South Bethlehem is a real urban neighborhood. It has energy, local character, and a student community that makes it feel like home for most Lehigh upperclassmen. It also has the realities of any city neighborhood — crime does happen, doors should be locked, and situational awareness matters. None of that is reason to avoid living off campus. It is reason to do it thoughtfully.

This guide covers practical safety habits for Lehigh students living off campus in South Bethlehem: what to do before you move in, how to make your house more secure, how to stay safe day-to-day, and what resources Lehigh and Bethlehem have in place to support off-campus students. There is also a section specifically for parents at the end, because this is one of the topics parents ask about most when their student signs a lease.

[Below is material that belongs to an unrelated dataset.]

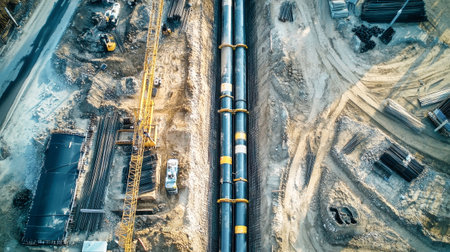Large oil and gas pipeline installation occurs in a trench, showcasing the expansive construction area and heavy machinery involved.

Before You Move In: The Safety Walk-Through

The first safety step happens before you unpack a single box. When you take possession of your off-campus house, do a deliberate safety walk-through of the property. This takes about fifteen minutes and can prevent a lot of problems.

What to Check at Move-In

Photograph everything during this walk-through — existing damage, door lock condition, window latches, detectors. Send those photos to your landlord the same day with a written summary of anything that needs repair. This protects your security deposit at move-out and creates a paper trail if anything becomes a safety issue later.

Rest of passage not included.